No Fear.

Fear and worry are paralyzing.   When I jump in the ocean I fully expect to get eaten by a shark especially if I go swimming during the Discovery Channel’s Shark Week.   When I go hiking in the mountains I know I’ll have to fight off a sloth of bears.  In Texas, every stick is a rattle snake.    Of course, my fears are unfounded.  I’ve not been eaten by a shark, fought with a bear, or stepped on a rattle snake.   Fear of the unknown will keep us from enjoying life and experiencing our big blue planet.

A person has a 1 in 3,700,000 chance of being killed by a Shark.  The odds of dying from the flu are 1 in 63.[1]   Sharks, alligators and bears each kill about one person per year according to a 2015 Washington Post article.   Venomous snakes and lizards kill around six people annually.   Approximately 48 people are killed by a cow or dog each year.[2]

A Bible search for the words “fear” and “worry” produced 351 results.[3]  Most verses with fear and worry are preceded by do not as in do not fear or do not worry.

So do not fear, for I am with you; do not be dismayed, for I am your God. I will strengthen you and help you; I will uphold you with my righteous right hand. ~ Isaiah 41:10

Therefore do not worry about tomorrow, for tomorrow will worry about itself. Each day has enough trouble of its own. ~ Matthew 6:34

Investors appear to live in a constant state of fear and worry.  Here are a few views on how to overcome some common investment fears.

  1. Fear of a stock market correction. Diversify your assets to limit your exposure to a stock market correction.   Investing in bonds, small companies, real estate, gold, and international investments will cushion the blow from a stock market correction.   These additional asset classes reduced your losses by 44% during the 2008 stock market correction.[4]
  2. Fear of running out of money. Longevity risk is a concern.   To avoid this risk, invest in stocks.  The stock market has produced a 10% average annual return since 1926 while the bond market generated a return of 5.6%.  $1 invested in stocks is now worth $5,386.  $1 invested in bonds is worth $132.   Stocks outperformed bonds by a ratio of 40 to 1![5]
  3. Fear of rising interest rates.

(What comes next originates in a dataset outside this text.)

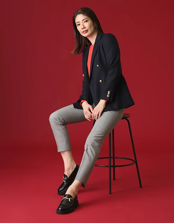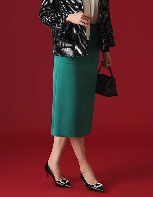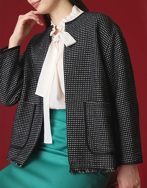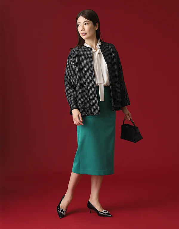 ツィードジャケットに甘めブラウスを忍ばせて華やなアクセントを。鮮やかなグリーンで感度の高さをアピール。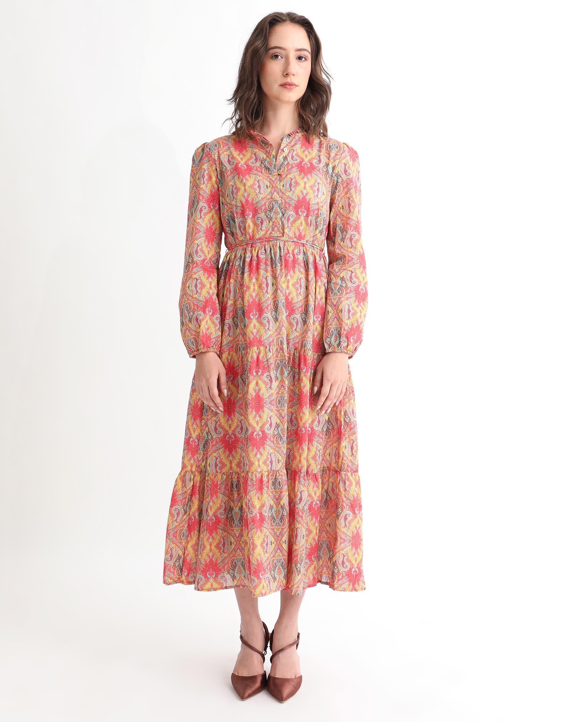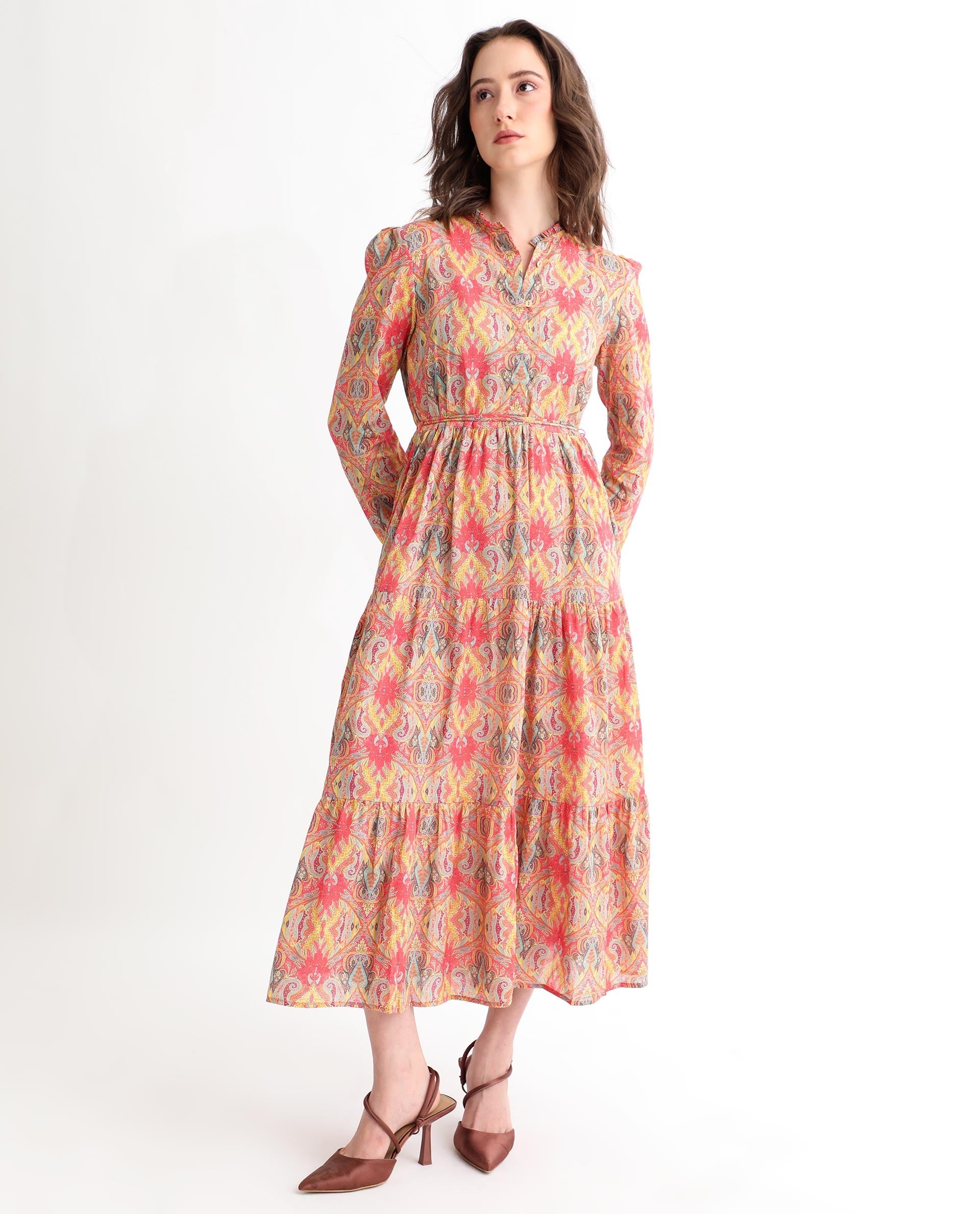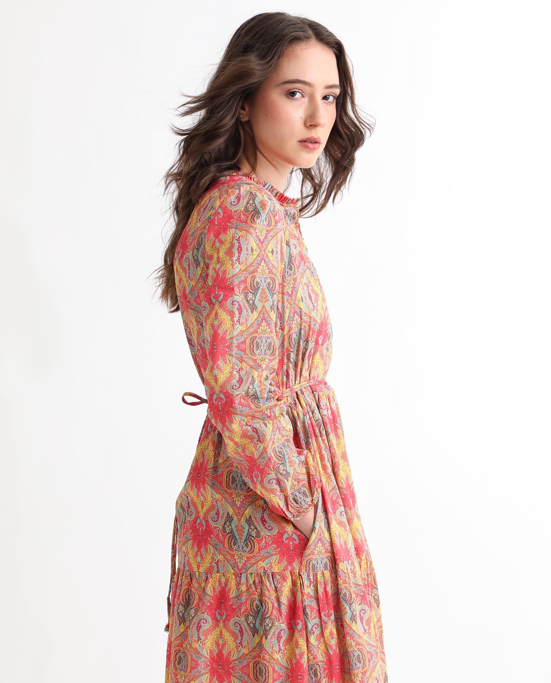 1. *Embrace bohemian elegance with full sleeves and a sweeping maxi length, perfect for effortless style. 2. Enjoy a seamless neckline adorned with a delicate ruffle insert, adding a touch of femininity. 3. Featuring front buttons and a long drawcord belt with button and tassel tipping, providing versatility in styling. 4. Stay practical with side pockets, offering convenience without sacrificing style. 5. Crafted from breathable cotton fabric, ensuring comfort and ease of wear. Pair with bohemian-inspired sandals and layered jewellery for a relaxed daytime look or dress it up with wedges and statement accessories for an outdoor event. Ideal for casual outings, beach gatherings, or daytime celebrations, this dress offers a blend of comfort and effortless style.

Rising interest rates will lower bond prices.   Invest in a bond ladder to protect yourself from falling bond prices.  A portfolio of bonds maturing every year will allow you to invest in both short term and long term bonds.  When a short-term bond matures invest the proceeds in a new bond with a higher interest rate.
  4. Fear of missing out. FOMO is real!  Don’t chase returns on a high-flying stock.   If you want to buy a stock after it has appreciated significantly, wait for it to pull back before committing capital.

Do not let fear keep you from achieving your financial dreams.  Plan for your future and good things will happen.

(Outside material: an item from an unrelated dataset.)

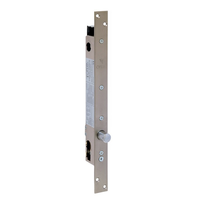 Opera 25800 safety solenoid lock is an advanced solution designed to guarantee the safety of single doors, keeping the deadbolt closed in the absence of power.

The only thing we have to fear is fear itself. ~ FDR

Bill Parrott is the President and CEO of Parrott Wealth Management.   For more information on financial planning or investment management, please visit www.parrottwealth.com.

Note:  Your returns may be more or less than those posted in this blog.

April 28, 2017

 

[1] http://natgeotv.com/ca/human-shark-bait/facts, website accessed 4/27/17.

[2] https://www.washingtonpost.com/news/wonk/wp/2015/06/16/chart-the-animals-that-are-most-likely-to-kill-you-this-summer/?utm_term=.e46cacf09197, Christopher Ingraham, June 16, 2015.  Website accessed 4/27/17.

[3] https://www.biblegateway.com/, website accessed 4/27/17.

[4] Morningstar Office Hypothetical Tool.

[5] 2016 Dimensional Funds Matrix Book.